== TASK REQUIREMENTS ==
Everything in the records is to be written out exactly, except the pictures.

--

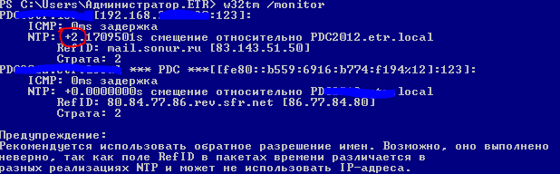 w32tm /monitorПолучим:
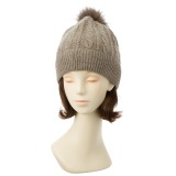 ティエドゥールフォックスポンポン付カシミヤニット帽子
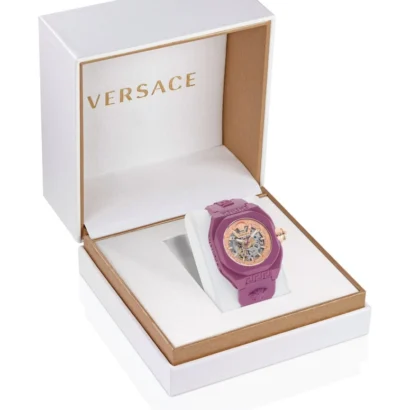 The Versace V-Legend Skeleton (Ref. VE7L00323-BURG-OS) is a bold men’s timepiece that showcases luxury craftsmanship with modern design. Featuring a striking gold skeleton dial framed by a burgundy bezel and case, it highlights the precision of its Swiss-made 3-hand automatic movement. The cushion-shaped 42mm case pairs elegantly with a purple recycled PU strap and deployant closure, offering both comfort and sustainability. With 50 meters of water resistance, baton indexes, and a case thickness of 13.2mm, this watch balances sophistication and durability.
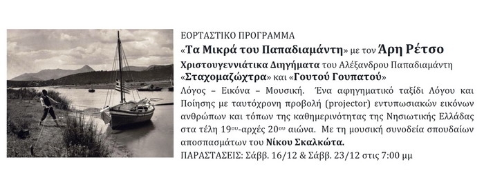 Ο Άρης Ρέτσος μάς ταξιδεύει στον μαγικό κόσμο του Παπαδιαμάντη Λόγος – Εικόνα – Μουσική. Ένα αφηγηματικό ταξίδι Λόγου και Ποίησης με ταυτόχρονη προβολή εικόνων και μουσική Σκαλκώτα. Σάββ. 16/12 & Σάββ. 23/12 στον Πολυχώρο Τέχνης «Αλεξάνδρεια» Ένας σπουδαίος ηθοποιός και σκηνοθέτης του ελληνικού θεάτρου, ο Άρης Ρέτσος, αφού μας αποκάλυψε τον ηχητικό πλούτο των Τραγωδιών του Αισχύλου και του Σοφοκλή στο Αρχαίο Δράμα, βάζει στο στόμα του τις […]
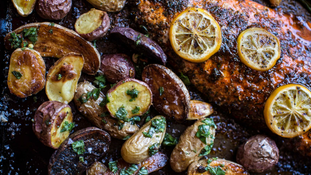 1. Лосось со спаржей, лимоном и картофелем
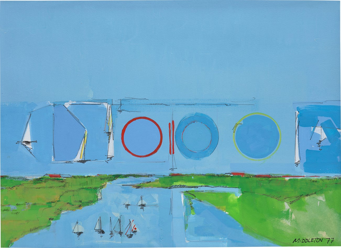 Middleton’s work was collected and shown in major U.S. museums in the 1960s and 1970s, notably in the pivotal 1962 exhibition Forty Artists under Forty at the Whitney Museum of American Art, New York, which more than fifty years later included him in the America is Hard to See collection exhibition in 2015. Though he has received recognition in Europe – the Van Bommel Van Dam Museum in Venlo, Netherlands, organized a retrospective of his work in 1997 –he he only received his first, posthumous solo exhibition in the United States in 2017.

--

== WRITTEN ANSWER ==
 w32tm /monitorПолучим:
 ティエドゥールフォックスポンポン付カシミヤニット帽子
 The Versace V-Legend Skeleton (Ref. VE7L00323-BURG-OS) is a bold men’s timepiece that showcases luxury craftsmanship with modern design. Featuring a striking gold skeleton dial framed by a burgundy bezel and case, it highlights the precision of its Swiss-made 3-hand automatic movement. The cushion-shaped 42mm case pairs elegantly with a purple recycled PU strap and deployant closure, offering both comfort and sustainability. With 50 meters of water resistance, baton indexes, and a case thickness of 13.2mm, this watch balances sophistication and durability.
 Ο Άρης Ρέτσος μάς ταξιδεύει στον μαγικό κόσμο του Παπαδιαμάντη Λόγος – Εικόνα – Μουσική. Ένα αφηγηματικό ταξίδι Λόγου και Ποίησης με ταυτόχρονη προβολή εικόνων και μουσική Σκαλκώτα. Σάββ. 16/12 & Σάββ. 23/12 στον Πολυχώρο Τέχνης «Αλεξάνδρεια» Ένας σπουδαίος ηθοποιός και σκηνοθέτης του ελληνικού θεάτρου, ο Άρης Ρέτσος, αφού μας αποκάλυψε τον ηχητικό πλούτο των Τραγωδιών του Αισχύλου και του Σοφοκλή στο Αρχαίο Δράμα, βάζει στο στόμα του τις […]
 1. Лосось со спаржей, лимоном и картофелем
 Middleton’s work was collected and shown in major U.S. museums in the 1960s and 1970s, notably in the pivotal 1962 exhibition Forty Artists under Forty at the Whitney Museum of American Art, New York, which more than fifty years later included him in the America is Hard to See collection exhibition in 2015. Though he has received recognition in Europe – the Van Bommel Van Dam Museum in Venlo, Netherlands, organized a retrospective of his work in 1997 –he he only received his first, posthumous solo exhibition in the United States in 2017.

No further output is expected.